Current Articles | RSS Feed RSS Feed

Problems with Amazon EC2 is storage architecture

Posted by Andy Singleton on Thu, Apr 21, 2011
  
  

Some Assembla Subversion repositories are currently inaccessible.  This is because of problems in the EC2 storage architecture that we use.  The same problem is affecting services like Reddit and Quora.   Those services are completely down.  At Assembla, the majority of our services are working normally.  However,  the svn outage is very difficult for the people who can't code  [must  code, must  code].  

We made the decision to leave Amazon EC2 a few weeks ago because of this storage problem.  We are currently setting up dedicated servers with hardwired storage.

I discussed cloud storage architecture in a blog post last year. Now we have an update.   The Amazon version doesn't work well enough to deliver reliable service.  I think this is because it is network connected, and it uses a big and complicated network.  This network has failed at least four times in the last year.  They have had at least 10 months to fix it, but the problems have recurred.

We use Amazon EC2, and we recommend it because their truly on-demand server resources make it possible to rapidly try things, fix things, and innovate. Innovation speed is important. We recommend Amazon because they have done the most to deliver "on demand".

Assembla has a further responsibility to deliver at least 99.9% uptime - down no more than 2 hours per quarter. We beat this over the last year for all services except some svn repositories. We use some of the time budget on releases where we take down the database to make significant changes to the system. Then we run into the limits of the Internet and cloud infrastructure. We can easily exceed our reliability budget if EC2 storage network gets slow.  During the past year, we have had a total of about 24 hours of svn downtime scattered among our various repositories.  About 90 minutes of that was due to scheduled builds.  The rest was because of problems with EBS storage.

If you use EC2 (or you run any high-availability system), you can usually design your system to withstand the disappearance of at least one server. You use a cluster of servers where one can fail, or you use pairs with replication and failover between a live and a hot swap server.

However, storage failures are more difficult to manage.   You might try failing over to a different server, but if that server is using the same network attached storage system, it will also be slow or stopped.  You can  replicate to other storage  systems, but that gives you a tradeoff.  The replication uses network IO, so you get the storage bandwidth problems even more frequently.

In fact, this is exactly what happens at the Amazon EC2 datacenters that we use. Sometimes, the network that connects to the storage becomes slow. This crashes any system that uses a lot of storage IO.  Our Subversion systems are particularly sensitive to this.

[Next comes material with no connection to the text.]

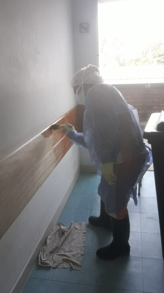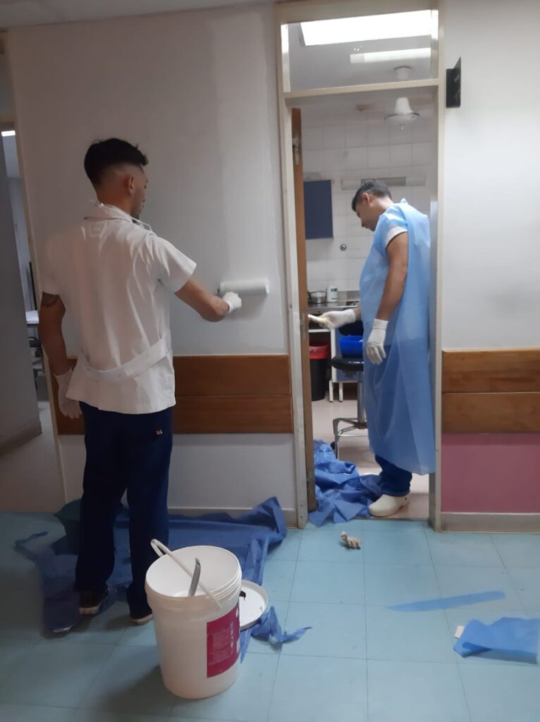 El Personal de la Unidad Respiratoria Agudos Covid-19 (URAC) redoblando el compromiso de su tarea habitual y aprovechando que durante varios días no hubo pacientes graves internados, decidieron en forma voluntaria y por iniciativa propia, pintar las salas y pasillos del área, la pintura fue donada por el mismo personal.

The problem was particularly bad last summer. Amazon datacenters must have been overloaded. Since then, the disk IO speed has, on average, gotten much faster. However, it is still variable, and during the past two weeks, it crashed twice.

The obvious solution for us is to move into dedicated racks with attached SAN, and solid state disks, which is where we are going.

Tags: ,

COMMENTS

Have you guys looked into EC2 alternatives. This space is hot, and a dedicated setup also means head aches of a different kind.

posted @ Thursday, April 21, 2011 11:08 AM by Sami Hoda


Hey, When is this likely to be working again?

posted @ Thursday, April 21, 2011 11:49 AM by Jonny Shaw


Any ETA on when the repositories will be back up?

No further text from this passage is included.